David Lespiau : Récupération du sommeil

 
par Alain Cressan

David Lespiau est un monteur, un assembleur : travail sur la citation, le cut-up, les jeux de répétitions, de références internes (Ouija board, ici, chez le même éditeur, explicitement), de reconstruction, de parallèles, de fragmentation et de versification… Si l’on perçoit, au fil des opus, des séries formelles et thématiques1, l’auteur considérant lui-même que son unité de travail est le livre2, Récupération du sommeil (me) semble offrir un espace de synthèse à cet ensemble.
Comme un feed-back : vérification, à un instant t., de la forme construite, dans une netteté pourtant kaléidoscopique et pulvérulente. Une image fugitive : « la cristallisation / des appréhensions intuitives / d’un projet s’en effondrant // du matériau // givre des sensations ». On retrouve ici beaucoup d’ingrédients de ses autres textes : une dimension à la fois très conceptuelle dans l’élaboration des croisements sémantiques et très corporelle dans l’imagerie utilisée, volontiers sexuelle, un certain humour dans la mise à distance, avec un discours sous-jacent, mais toujours en finesse, sur le poème en train de se faire, dans une polysémie du montage versifié.

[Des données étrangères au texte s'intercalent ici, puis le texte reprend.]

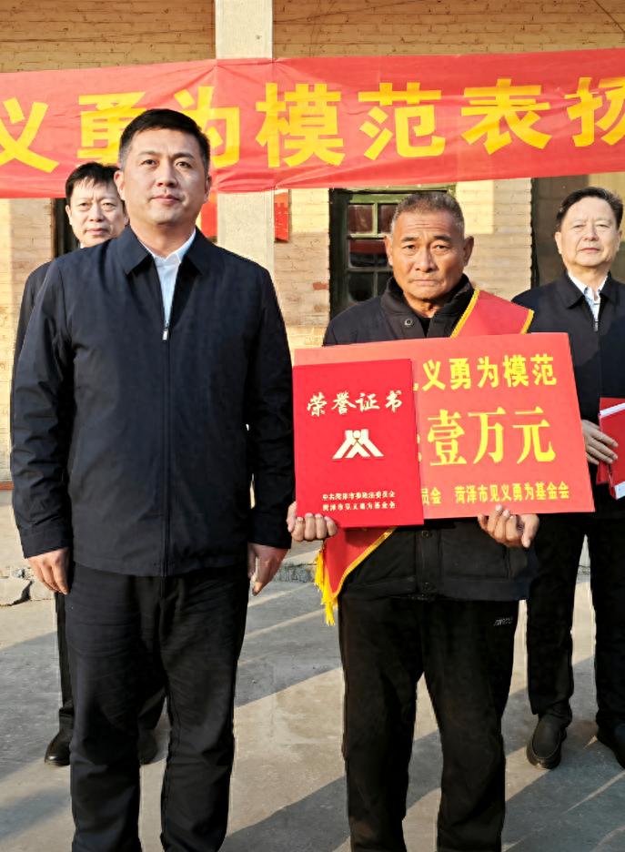 12月5日,菏澤市見義勇為模范頒獎儀式在巨野縣舉行。寒冬中跳入冰水救人的平民英雄張守穩、朱國進,分別獲頒“菏澤市見義勇為模范”證書、光榮牌及10000元獎金。
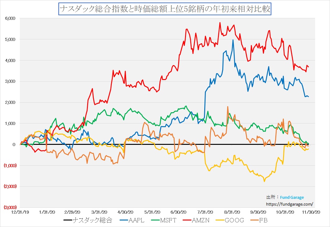 私が秘かにこの先、特に来年を見るのに注目しているチャートをご紹介する。それが下記の「ナスダック総合指数と時価総額上位5銘柄の年初来相対比較」というチャートだ。真中の黒い線をナスダック総合として、ナスダック総合時価総額上位5銘柄(約50%を占める)の動きを相対比較したものだ。
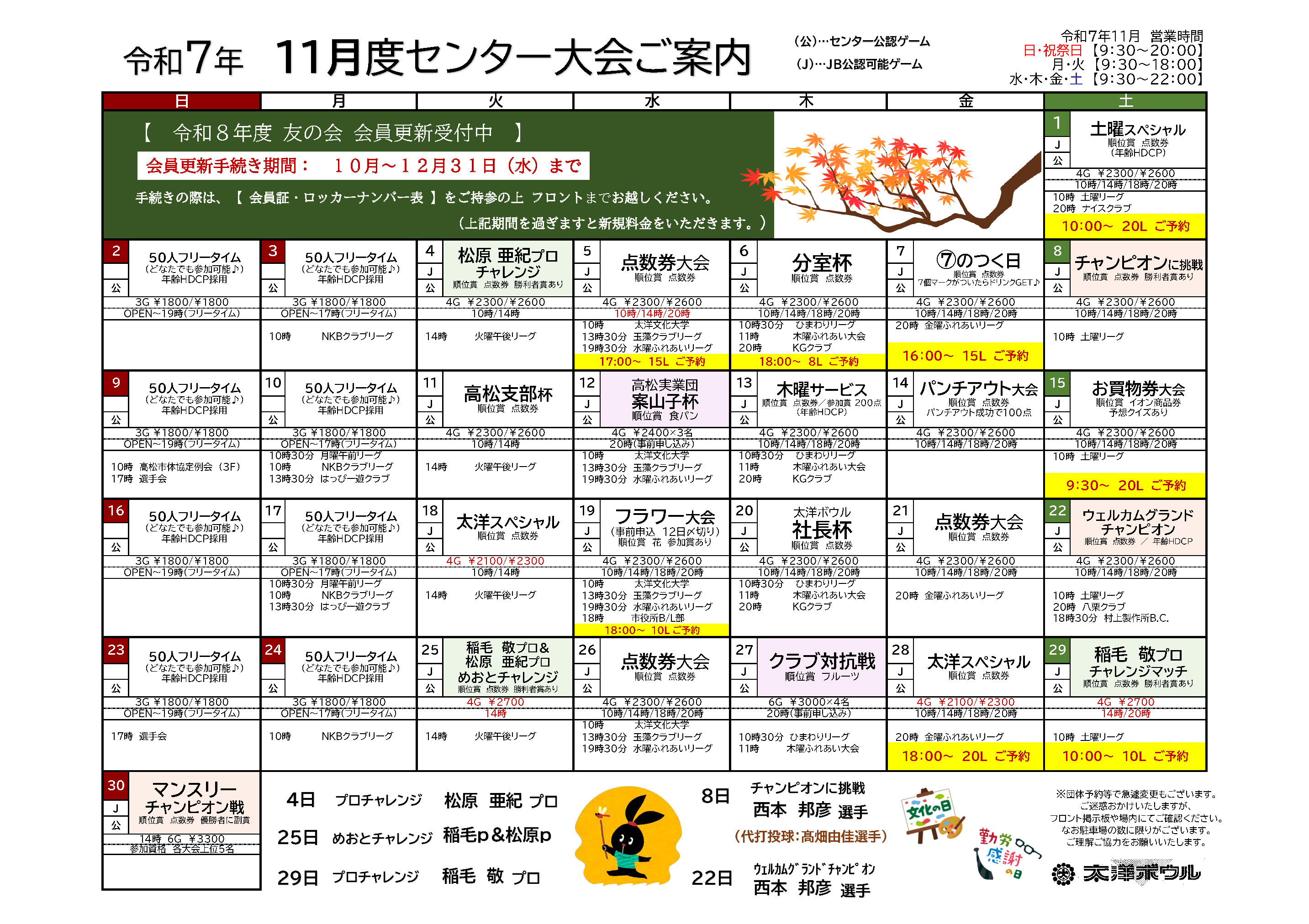 太洋ボウルでは、各種大会やイベントを毎日開催しています。ぜひともお誘い合わせの上、ふるってご参加ください。

Un jeu de perspectives enchâssées, dans un scrolling textuel ‒ le mouvement du vers sous l’œil, remplacé par un autre, jouant sur plusieurs plans.
On voudrait raconter une lecture, son déroulement, mais la mise en place des éléments échoue : « (rotation infinie / du poème en instrument de pensée, pas de narration / (de pensée dans la narration)) ».
Chaque reprise apporte un nouveau champ, un nouvel angle de vue, un nouveau miroitement, et renvoie aussi aux autres livres de David Lespiau, y compris ceux auxquels on avait peu prêté attention, formant une sorte de « livre de livres », somme plutôt que série. « l’image traverse un corps transparent / coupé machinalement / réattribué sans ciller au paysage / des lignes agencées sans césure ».
Ce jeu de relations complexes, pourtant, n’enlève aucun plaisir à une lecture immédiate, parfaitement autonome, du volume. On est séduit très vite par la dextérité de la mise en place des vers, dans le désir de l’investigation, d’y revenir, de feuilleter : foisonnement dans le réveil des virtualités.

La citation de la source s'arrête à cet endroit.